Network topology of core and ring components
To analyze core and ring components in PPI networks, we derived a human PPI network from 1,515 homologous modules. This PPI network comprised 2,391 proteins and 11,181 PPIs (Figs. 2A and 2B), and was evaluated based on the characteristic of scale-free networks that can be described as P(k) ~ k−r, in which the probability of a node with k links decreases as the node degree increases on a log–log plot (Fig. 2C). The degree exponent γ was 1.60 in this PPI network, which was consistent with the architecture of previously described cellular networks27,28. Figure 2C shows the distribution of node degrees for core proteins, ring proteins, and all proteins in this human PPI network. For 1,069 core proteins, 1,322 ring proteins, and 2,391 proteins of this PPI network, the distribution of node degrees of core proteins (median is 8) was significantly higher than that of ring proteins (median is 3; P = 1e-117; Fig. 2D).
On the basis of a previous study29, we considered proteins within the top 25% of the highest degree (here, degree ≥ 10) as hubs of the network. The IES distribution of these core proteins was consistent with the hub distribution of this PPI network, particularly at the center of the network (Figs. 2A and 2B). Moreover, 43% of core proteins with degrees of ≥10 were hubs, and only 12% of ring proteins were hubs. Interestingly, node degrees of ring proteins in modules were lower than those of all proteins in this network, indicating that core proteins but not ring proteins play major roles in high connectivity of module sub-networks. Our results suggest that core proteins are preferential constituents of network hubs, as reflected by protein IES values. This observation is consistent with a previous study showing that highly conserved enzymes in a metabolic network were frequently highly connected at the center of the network and were involved in multiple pathways30. In the CDK1–PCNA–CCNB1–GADD45B module, the core proteins CDK1, CCNB1, and PCNA had higher degrees (≥17) than the ring protein GADD45B (degree = 3) in the human PPI network (Figs. 1F, 2A, and 2B).

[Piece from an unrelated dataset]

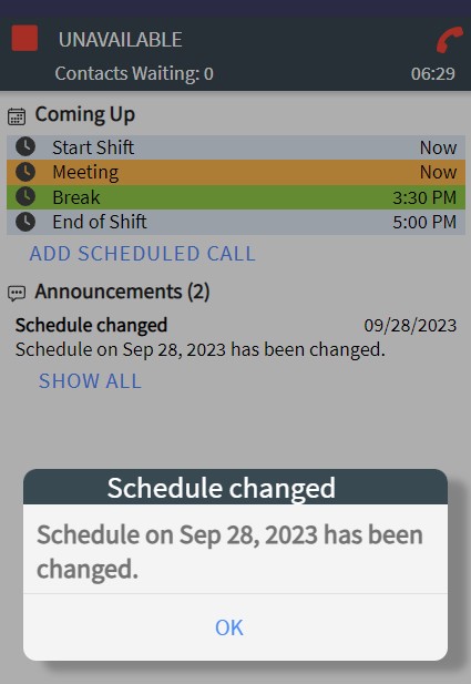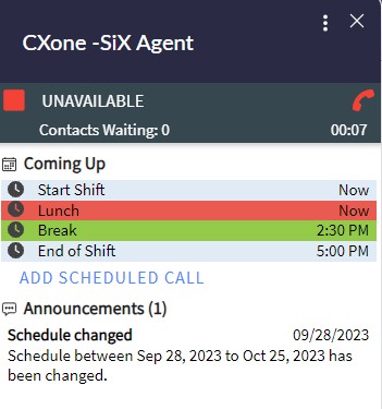 While logged into the SiX Agent, you can view your daily schedule directly within the interface. This helps you track upcoming breaks, lunches, and meetings.

Essentiality and composition of core/ring components
Essential genes (or proteins) are considered to be required to support cellular life and likely to be common to all cells31. To evaluate essentiality of core and ring proteins in module families, we collected 11,384 essential proteins over 25 species from the Database of Essential Genes (DEG; version 6.5)32, including 8 eukaryotes (e.g. H. sapiens and S. cerevisiae) and 17 prokaryotes (e.g. Escherichia coli and Bacillus subtilis). Because homologs of essential proteins are likely to be essential, module proteins were considered essential when they were homologous to those recorded in DEG. For example, CCNB1 is a mapped essential protein and is homologous to essential proteins BM (G2/mitotic-specific cyclin-B1 in mouse) and BD (cyclin B1 in zebrafish) from DEG (Figs. 1D and 1G). For the CDK1–PCNA–CCNB1–GADD45B module family, homologs of the core proteins CDK1, CCNB1, and PCNA were essential proteins according to DEG32. In contrast, all homologs of the ring protein GADD45B were non-essential (Fig. 1G).

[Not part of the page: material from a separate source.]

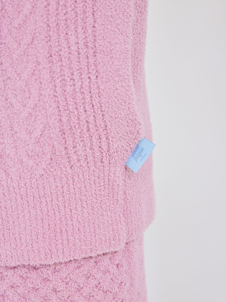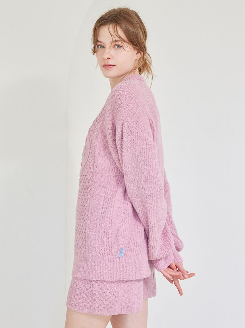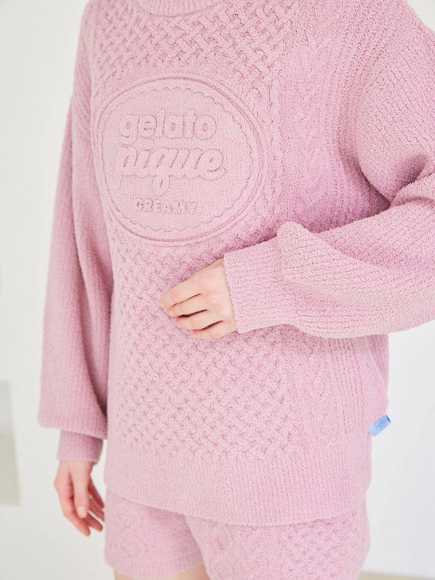 The 2026 Valentine's Day collection is filled with sweet motifs, such as ice cream and bears, characteristic of gelato pique. This Aran-patterned pullover is crafted from Airy Moco fabric, with a warm, three-dimensional knit pattern. The front features an embossed logo reminiscent of a cookie sandwiching an ice cream sandwich. The sides and sleeves feature different knit patterns, creating a rich, expressive knitwear. Enjoy the lightweight, enveloping comfort of Airy Moco. Available in two colors, pink and blue. We recommend pairing it with the Aran-patterned bottoms or one-point pullover from the same series, or pairing it with the HOMME size.

According to the DEG data set, 7,950 proteins from 1,519 module templates were clustered into two groups, including 3,628 mapped essential proteins and 4,322 unannotated proteins without homologous protein in DEG. Among these mapped essential proteins, IES values of 60% are more than 7 and their IES values are significantly higher than those of unannotated proteins (Mann–Whitney U test, P = 3e-217; Fig. 3A). In addition, percentages of mapped essential proteins were correlated with IES (Pearson's r = 0.98) and these increased rapidly with IES ≥ 7 (Fig. 3B).
Based on these 11,384 essential proteins, we derived 160 essential GO molecular function (MF) terms (Supplementary Table S1, Supplementary Figs. S4 and S5, and Supplementary Text 4) and analyzed functional annotations of core and ring components using hypergeometric distributions (P ≤ 0.05). The distribution of occurrence ratios of these 160 terms between the core component set and the essential protein set is similar (Pearson's r = 0.77), and Pearson's r is 0.49 between the ring component and the essential protein set (Supplementary Fig. S5). Specifically, both core and essential protein sets have some significant MF terms, such as “structural constituent of ribosome,” “ATPase activity,” “nucleoside-triphosphatase activity,” and “chromatin binding.” These terms commonly relate to processes that are critical for survival and are conserved in the modules.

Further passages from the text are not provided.